* [Exercise brief]:
Beginning at the top of the entries below, retype each line exactly until the line containing "oynama yapıldığı saptandı." has been written out; include no pictures and no later lines.

** Opening Information block **

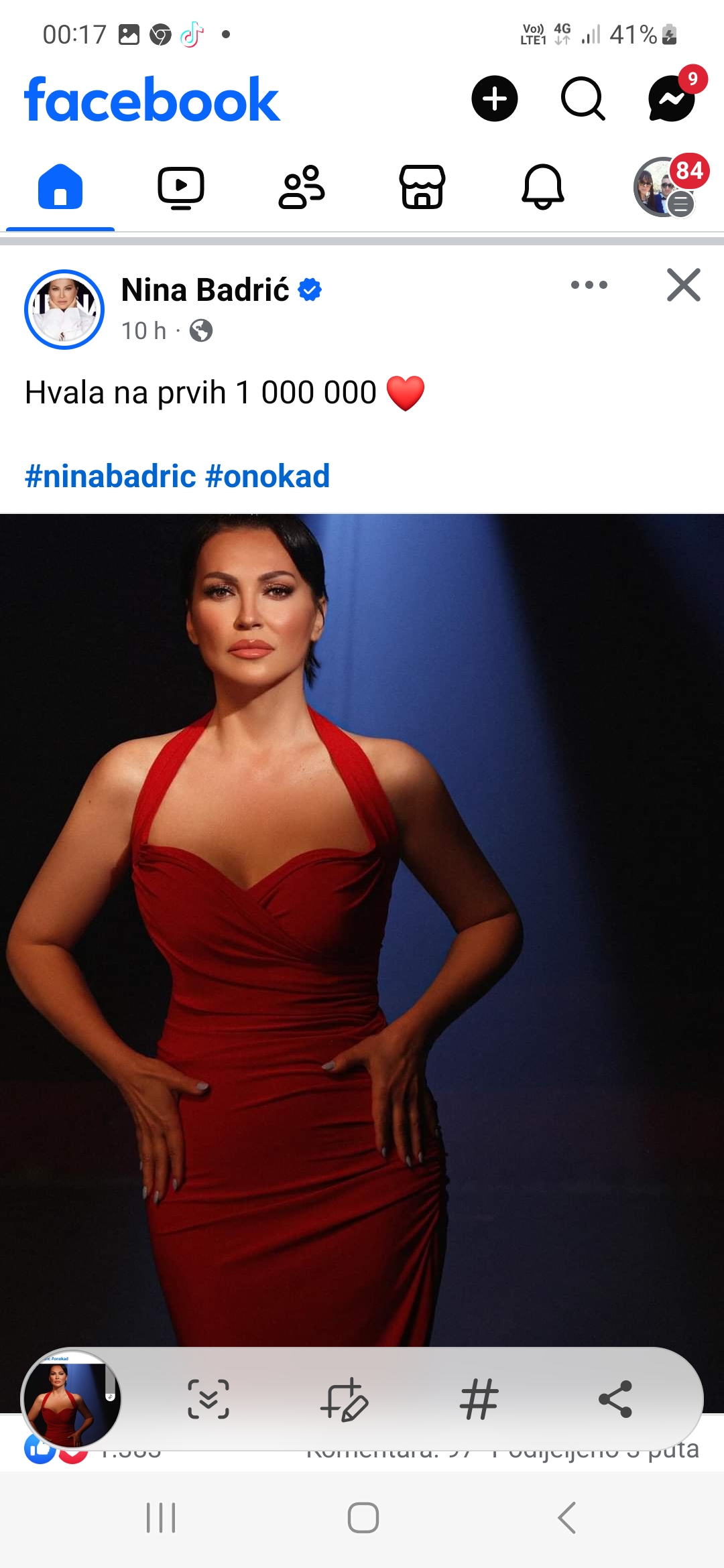 Nina Badrić, jedna od najpoznatijih hrvatskih pjevačica, proslavila je veliki uspjeh na društvenim mrežama, dosegnuvši impresivnih milijun pratitelja. U objavi na Facebooku, zahvalila se svim svojim obožavateljima riječima: “Hvala na prvih 1 000 000 ❤️”, čime je izrazila zahvalnost za ljubav i podršku koju dobiva od svojih vjernih fanova.
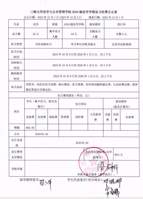 现将2024级研究生法学专业实习经费予以公示,公示期2025年12月1日-2025年12月5日,如有异议,请在公示期内以书面意见形式反馈至学院科研办。
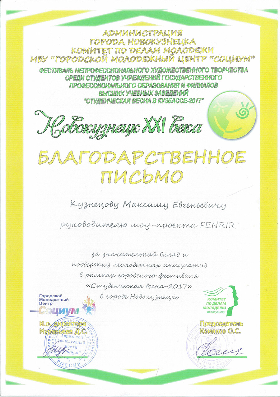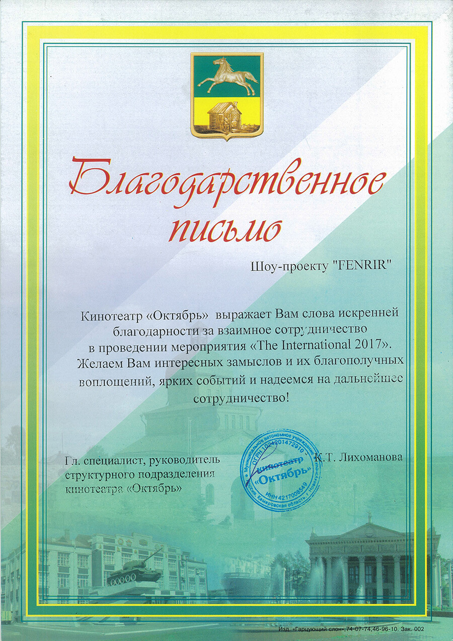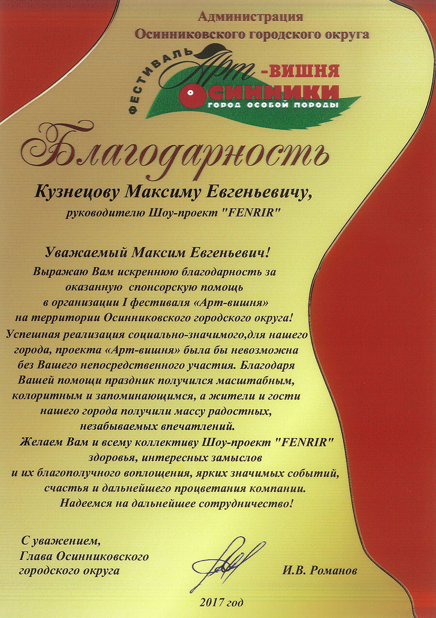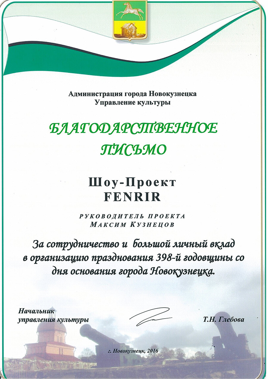 ВЫРАЖАЕМ ОГРОМНУЮ БЛАГОДАРНОСТЬ ОТ #КузбасскоетворческоеобъединениеАБЛАДА ШОУ ПРОЕКТУ FENRIR
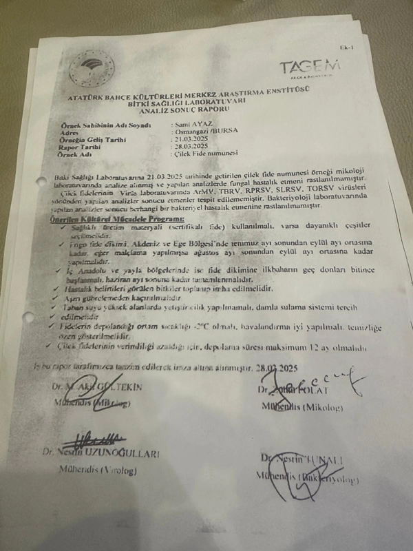 ‎‎Analiz sonuçlarına göre alınan fidelerin mantar hastalığı taşıdığı, temiz gösterilmesine rağmen belgelerde oynama yapıldığı saptandı.
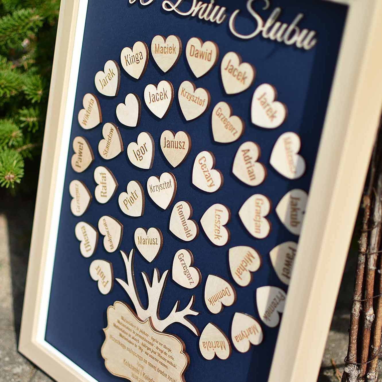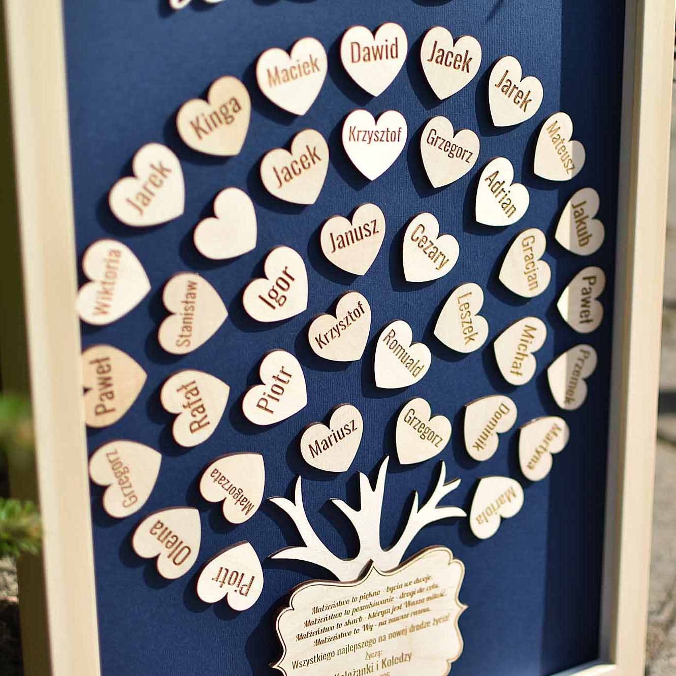 prezent ślubny dla kolegi/koleżanki w firmie, drzewko w ramce, serca z imionami współpracowników
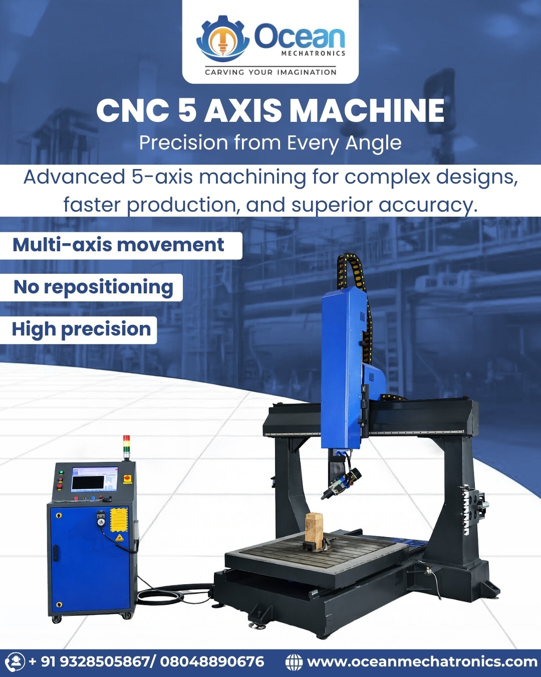 Ocean Mechatronics is a leading CNC 5 Axis Machines Manufacturer in Ahmedabad, offering advanced machining solutions for industries requiring high precision and efficiency. Our 5-axis CNC machines enable simultaneous movement along three linear and two rotary axes, enabling the production of complex geometries in a single setup. This “done-in-one” capability reduces setup time, minimizes part handling, and ensures superior accuracy and surface finishes.

** Closing Information block **

* [Output for this exercise]:
 Nina Badrić, jedna od najpoznatijih hrvatskih pjevačica, proslavila je veliki uspjeh na društvenim mrežama, dosegnuvši impresivnih milijun pratitelja. U objavi na Facebooku, zahvalila se svim svojim obožavateljima riječima: “Hvala na prvih 1 000 000 ❤️”, čime je izrazila zahvalnost za ljubav i podršku koju dobiva od svojih vjernih fanova.
 现将2024级研究生法学专业实习经费予以公示,公示期2025年12月1日-2025年12月5日,如有异议,请在公示期内以书面意见形式反馈至学院科研办。
 ВЫРАЖАЕМ ОГРОМНУЮ БЛАГОДАРНОСТЬ ОТ #КузбасскоетворческоеобъединениеАБЛАДА ШОУ ПРОЕКТУ FENRIR
 ‎‎Analiz sonuçlarına göre alınan fidelerin mantar hastalığı taşıdığı, temiz gösterilmesine rağmen belgelerde oynama yapıldığı saptandı.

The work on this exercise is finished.